Agnes Scott College

Yueh-Gin Gung and Dr. Charles Y. Hu Award for DistinguishedService to Mathematics

Citation for Alice Turner Schafer

By Linda R. Sons, Northern Illinois University

Reprinted from the February 1998 issue of the Mathematical Association of America Monthly with permission of the author and the MAA.

The curriculum vitae of Alice Turner Schafer lists two specializations:Abstract algebra (group theory) and women in mathematics. As early as her high school years Alice exhibited a love for mathematics and an interest in teaching as a career. As a mathematics educator she championed the full participation of women in mathematics. She has been a strong role model for many women and has worked to establish support groups for women in mathematics, to eliminate barriers women face in their study of mathematics and participation in the mathematics community, and to provide opportunity and encouragement for women in mathematics. She was one of the central figures in the early days of the Association for Women in Mathematics (AWM), through which she has helped to change the place of women in American mathematics. Yet her service goes far beyond her work on behalf of women.

Alice Turner is a native of Virginia, where she spent her school years, earning a B.A. in mathematics from the University of Richmond. Lacking the financial means to attend graduate school, she taught secondary school mathematics for three years and then entered the University of Chicago, where she earned and M.S. and a Ph.D. Her dissertation in projective differential geometry was supervised by E. P. Lane, and her published research in this area appeared in the Duke Mathematical Journal and in the American Journal of Mathematics.

At the University of Chicago Alice met Richard Schafer, who was seeking a Ph.D. in mathematics. They were married as they completed their degrees. This union has been blessed with two sons and three grandchildren.

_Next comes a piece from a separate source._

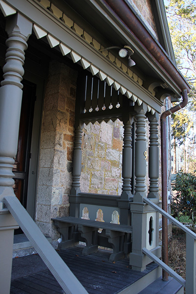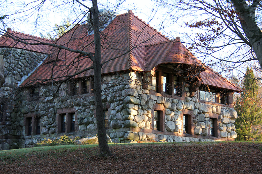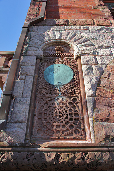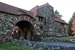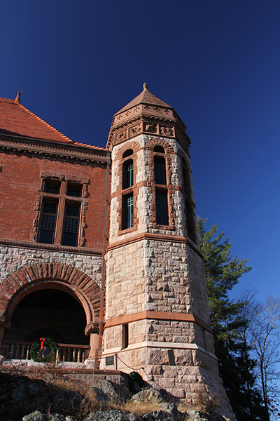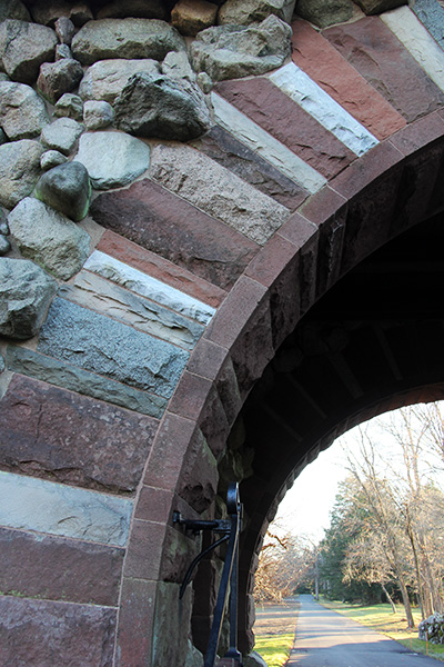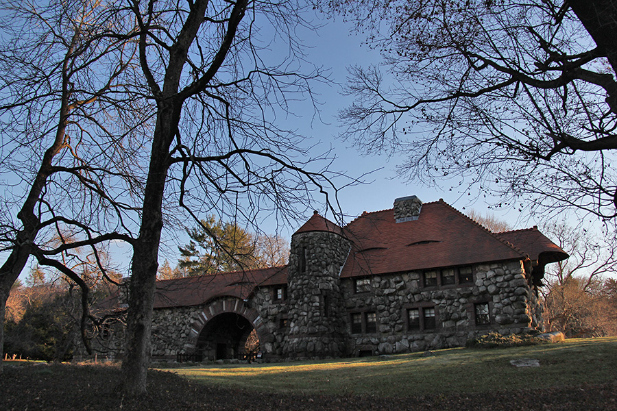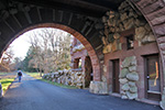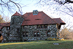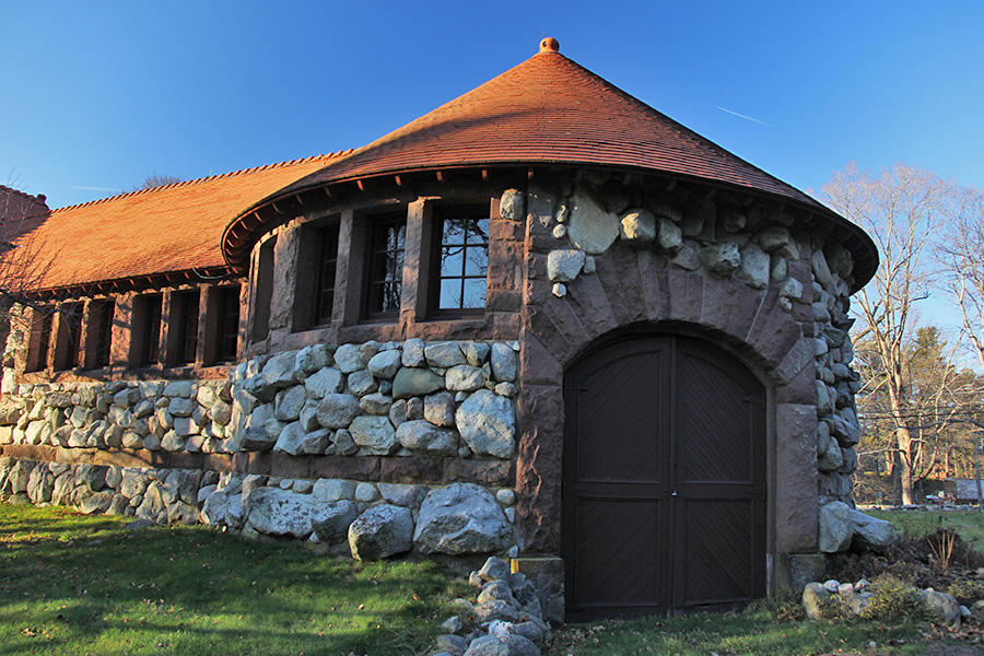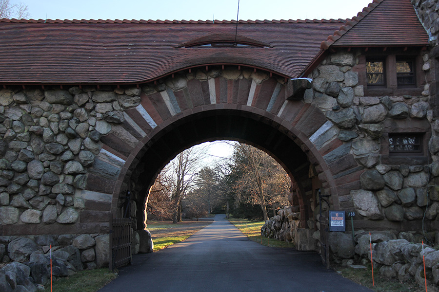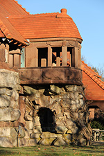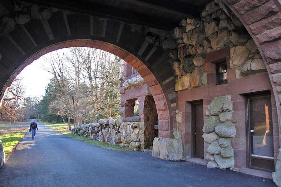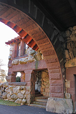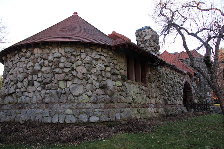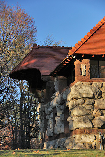 the gate lodge was just that: a gate that you passed through in order to get to the main mansion further down the private drive. it was designed with living spaces for the on-duty attendants, and the place was definitely inhabited, although we didn't see anyone. the gate lodge is atypical in its use of unshaped stones, which gaves the structure a rustic cottage-like appearance. the entrance is also unique in the number of different colored stones. we walked around the lodge, seeing it from all angles. it's just unfortunate that it was already late afternoon and with the sun close to setting most of the lodge was in shadows.

The Schafers' marriage was an early example of the "two-body problem" and the "commuter marriage." Alice's first postgraduate position was at the Connecticut College, followed by a year at The Johns Hopkins Applied Physics Laboratory. She then held positions at the University of Michigan, Douglass College, Swarthmore College, Drexel Institute of Technology, and the University of Connecticut before returning to Connecticut College, where she advanced to full professor. Moving to Wellesley College (by now Richard was at MIT), she soon became department head and the Helen Day Gould Professor of Mathematics, retiring in 1980.

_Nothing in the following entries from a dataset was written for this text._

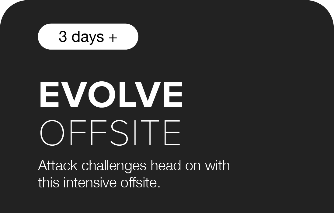 Designed for bold thinking and big moves. This is an intensive offsite built for high-performing leadership teams ready to dive deep into complex strategic challenges. Expect high-focus work sessions, and the space to confront what matters most.
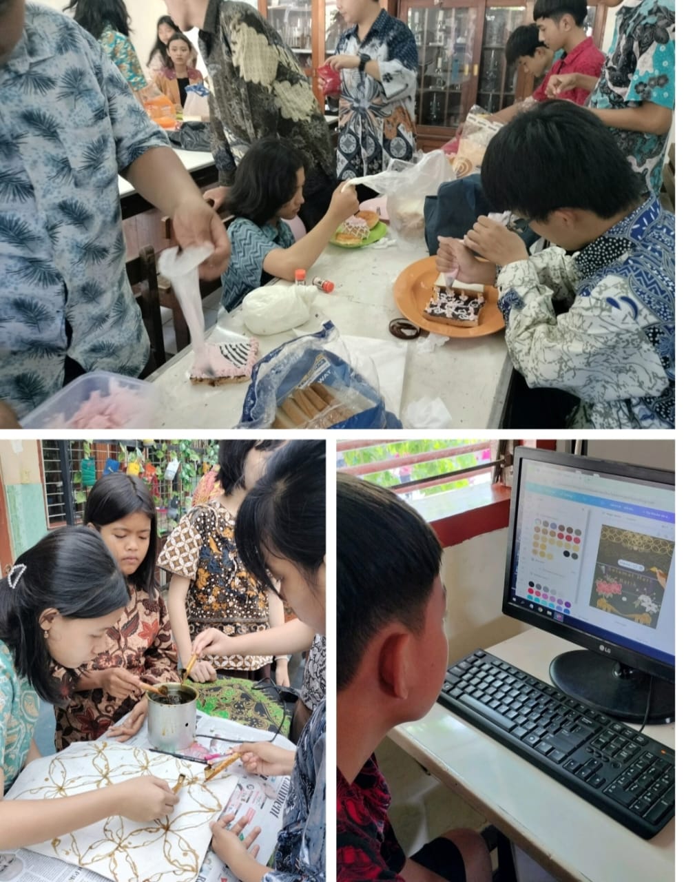 “Untuk kelas VII, yang saat ini mempelajari seni rupa khususnya seni batik dekoratif, proyek mereka adalah membuat batik di media. Sementara itu, siswa kelas VIII dalam pembelajaran Teknologi Informasi dan Komunikasi (TIK) saat ini sedang membuat poster dengan mengaplikasikan motif batik secara digital. Jadi, ada proyek pembelajaran berbasis teknologi. Sedangkan untuk kelas IX, yang saat ini mempelajari prakarya, proyek mereka berfokus pada pengolahan makanan. Mereka diminta membuat kue dekoratif dengan motif ornamen batik, entah itu menggunakan roti tawar atau spiku, tetapi hiasannya harus bermotif batik. Proyek ini juga akan dinilai sebagai bagian dari pembelajaran mereka,” jelas Titris Hariyanti Utami.
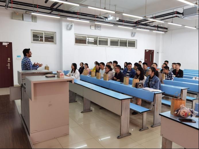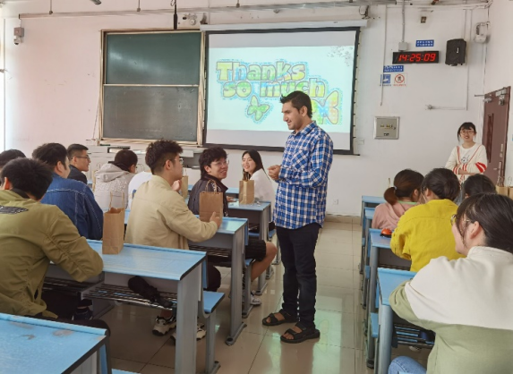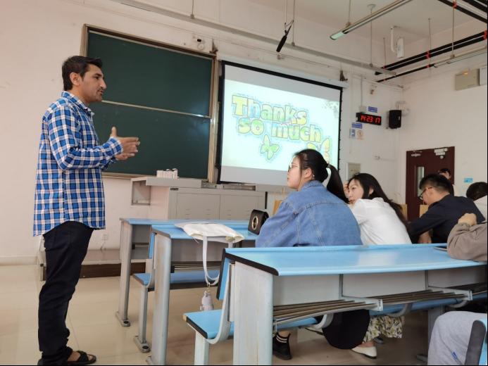 接下来的问答环节,吴雪莲、张曼、龚子和刘新月等同学积极提问。通过问答环节,Atazaz同学介绍了一些家乡的美食和风俗习惯,让同学们对巴基斯坦的文化有了更多的了解。此外,Atazaz同学还分享了自己留学生活中遇到的困难,以及解决的办法,表达了自己今后的职业规划。

Indefatigable, Professor Schafer continued teaching, at Simmons College and in the management program in the Radcliffe College Seminars. Upon Richard's retirement from MIT, they moved to Arlington, Virginia, where Alice became professor of mathematics at Marymount University, retiring once again in 1996.

While living in the Boston area, Professor Schafer with then-graduate student Linda Rothschild and Bhama Srinivasan to organize a group of women mathematicians and students who met every few weeks to discuss common problems and goals. The group anticipated both the AWM and a similar organization in Europe.At the Atlantic City mathematics meetings in 1971, Mary Gray led a women's caucus of the Mathematics Action Group in organizing the AWM. Alice Schafer served as the second president, and under her guidance the Association was incorporated, secured financial footing, and established an office at Wellesley College. Professor Schafer prepared AWM to be come a full member of the Conference Board of the Mathematical Sciences, and she and Mary Gray attained international recognition for AWM through its sponsorship of programs at the International Congress of Mathematicians at Vancouver. Essential to the high regard in which AWM is now held by men and women are the excellent mathematical invited talks at its sessions, a feature begun by Schafer. Even after her presidency, Alice Schafer has continued for two decades to give dedicated service and guidance to AWM. Her successors in the presidency rely on her wisdom and good counsel. In recognition of Professor Schafer's contributions, AWM now awards an annual prize in her honor for excellence in mathematics by undergraduate women.

Throughout her career, Professor Schafer sought to eliminate barriers to women in mathematics and to promote human rights for all mathematicians. She directed the Wellesley Mathematics Project (continued jointly with Wesleyan University) aimed at reducing fear of mathematics for women. She helped prepare lists of women who were eligible for grants and fellowships, including invited lectureships. She chaired the AMS Committee on Postdoctoral Fellowships and the Committee on Human Rights and served on Committee W and the National Council for the American Association of University Professors. She has chaired the mathematics section of the American Association for the Advancement of Science.

Professor Schafer has served on the CBMS Committee on Women in the Mathematical Sciences for six years and has worked for many years for the MAA Women and Mathematics Program. Three times in recent years, through the People-to-People program, she led delegations to China-one concerning women research mathematicians, one concerning mathematics education, and one concerning women's issues in mathematics and science.

Professor Schafer is known for her love of people, her boundless energy, and her fierce determination for a just cause. Her lifetime achievements and her pioneering efforts to secure opportunities for all mathematicians make her a most worthy recipient of the Yueh-Gin Gung and Dr. Charles Y. Hu Award for Distinguished Service to Mathematics.